Finalmente, no anúncio da Umbro (fig.11) temos a metáfora projetiva por excelência, aquela em que ambos os sujeitos são bastante familiares ao receptor, sendo inesperada a conexão entre eles. O anúncio faz parte de uma campanha da marca esportiva que mostra cenas cotidianas equivalentes a situações de partidas de futebol. No exemplo, a imagem traz uma criança andando na rua e puxando a saia da mãe, como a assegurar sua proximidade e vínculo a ela, acompanhada do título: “Para nós, é um zagueiro marcando o centro-avante sob pressão. Umbro. A gente só pensa em futebol”. Na metáfora visual em questão, um dos termos é expresso visualmente, no caso a criança puxando a saia da mãe, e o outro verbalmente – o zagueiro marcando o centro-avante. Ambas as situações são familiares ao público-alvo do anúncio: a primeira, por ser bastante cotidiana e acessível; a segunda, é parte do repertório do típico brasileiro que aprecia o futebol. O inusitado é forçar a conexão entre dois domínios bastante diferentes, que de forma isolada não remeteriam a associações entre um e outro – a não ser sob o esforço criativo do pensamento metafórico.
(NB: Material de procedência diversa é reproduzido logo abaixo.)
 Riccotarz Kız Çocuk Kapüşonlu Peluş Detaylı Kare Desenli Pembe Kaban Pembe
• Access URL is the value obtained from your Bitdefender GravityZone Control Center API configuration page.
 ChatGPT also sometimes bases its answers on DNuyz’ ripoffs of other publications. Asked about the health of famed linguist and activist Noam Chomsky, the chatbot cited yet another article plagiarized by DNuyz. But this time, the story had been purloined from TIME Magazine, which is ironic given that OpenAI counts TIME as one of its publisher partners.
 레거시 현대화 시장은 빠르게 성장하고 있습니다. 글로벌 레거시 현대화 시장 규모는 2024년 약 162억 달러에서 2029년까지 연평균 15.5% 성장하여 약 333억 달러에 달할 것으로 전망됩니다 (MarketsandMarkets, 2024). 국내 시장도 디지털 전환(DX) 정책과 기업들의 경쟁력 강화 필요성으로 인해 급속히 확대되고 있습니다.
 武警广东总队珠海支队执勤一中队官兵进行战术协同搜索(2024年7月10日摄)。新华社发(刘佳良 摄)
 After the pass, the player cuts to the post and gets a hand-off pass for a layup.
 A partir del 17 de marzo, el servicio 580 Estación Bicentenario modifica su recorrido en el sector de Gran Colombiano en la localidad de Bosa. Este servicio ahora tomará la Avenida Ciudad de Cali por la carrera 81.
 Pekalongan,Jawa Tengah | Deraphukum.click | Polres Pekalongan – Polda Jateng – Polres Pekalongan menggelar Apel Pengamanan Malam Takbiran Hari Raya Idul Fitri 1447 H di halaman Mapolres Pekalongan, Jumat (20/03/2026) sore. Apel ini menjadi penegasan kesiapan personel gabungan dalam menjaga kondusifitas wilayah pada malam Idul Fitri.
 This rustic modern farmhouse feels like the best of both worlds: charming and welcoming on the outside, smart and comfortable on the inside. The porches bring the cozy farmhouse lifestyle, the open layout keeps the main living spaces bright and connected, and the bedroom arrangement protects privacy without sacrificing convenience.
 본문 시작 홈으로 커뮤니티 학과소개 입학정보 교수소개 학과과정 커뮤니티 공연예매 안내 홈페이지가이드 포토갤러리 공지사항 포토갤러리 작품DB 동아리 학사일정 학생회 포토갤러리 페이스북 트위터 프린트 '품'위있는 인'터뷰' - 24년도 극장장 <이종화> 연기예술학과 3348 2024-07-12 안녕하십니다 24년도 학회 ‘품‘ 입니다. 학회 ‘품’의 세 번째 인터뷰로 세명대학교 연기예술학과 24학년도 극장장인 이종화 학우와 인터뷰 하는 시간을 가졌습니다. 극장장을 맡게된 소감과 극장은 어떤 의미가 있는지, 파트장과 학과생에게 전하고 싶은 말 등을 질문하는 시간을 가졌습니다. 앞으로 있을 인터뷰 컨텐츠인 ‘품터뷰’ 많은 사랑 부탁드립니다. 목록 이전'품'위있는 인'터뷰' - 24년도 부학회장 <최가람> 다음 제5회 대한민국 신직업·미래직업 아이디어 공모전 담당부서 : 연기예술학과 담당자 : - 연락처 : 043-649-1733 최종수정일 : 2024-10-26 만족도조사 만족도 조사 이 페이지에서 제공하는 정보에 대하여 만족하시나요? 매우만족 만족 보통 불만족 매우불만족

Apesar disso, destacamos que, na publicidade, o valor cognitivo da metáfora visual, no sentido em que nos destaca Eco (1991) referindo-se a metáforas “abertas”, pareceu- nos bastante deflacionado. Isto não quer dizer que ela não nos ensine nada neste contexto midiático, uma vez que a incidência deste fenômeno na publicidade nos permite conhecer mais sobre o sistema de valores envolvido no processo de comunicação, que na maioria dos casos refere-se à ideologia do consumo, bem como sobre o modelo semântico enciclopédico associado aos sujeitos da metáfora em uma determinada época ou cultura. Entretanto, aquele conhecimento adquirido por meio dos inesperados efeitos de deslocamento que nos fazem “viajar” pelos mecanismos da semiose, ocasionados pela aproximação de campos semânticos de classes distintas, nos fazendo pensar e adotar uma nova perspectiva diferenciada sobre um mesmo fenômeno, o que é uma das propriedades marcantes da metáfora no discurso poético, que parece-nos aqui um tanto enfraquecido. Não estamos afirmando que na publicidade esta aproximação de campos semânticos seja sempre óbvia ou previsível, já que uma das características da linguagem publicitária é o reaproveitamento de clichês. Acreditamos que esta conexão não prioriza o que a metáfora pode fazer-nos pensar e ensinar, e sim a engenhosidade com a qual esta conexão se apresenta.

Na publicidade, diferentemente do discurso poético, o mais importante é que esta estratégia discursiva convoque a atenção do receptor de modo pertinente para o objetivo da comunicação, criando uma predisposição positiva em relação a uma marca ou fazendo-o aderir a um determinado produto, serviço ou idéia, de modo a beneficiar o anunciante. O valor cognitivo da metáfora visual neste contexto, então, é bastante suprimido em função das necessidades do sistema produtivo, as quais impõem sobre o processo comunicacional certa imediaticidade e objetividade que não necessariamente regem a metáfora no contexto discursivo poético, cuja interpretação costuma ser mais aberta.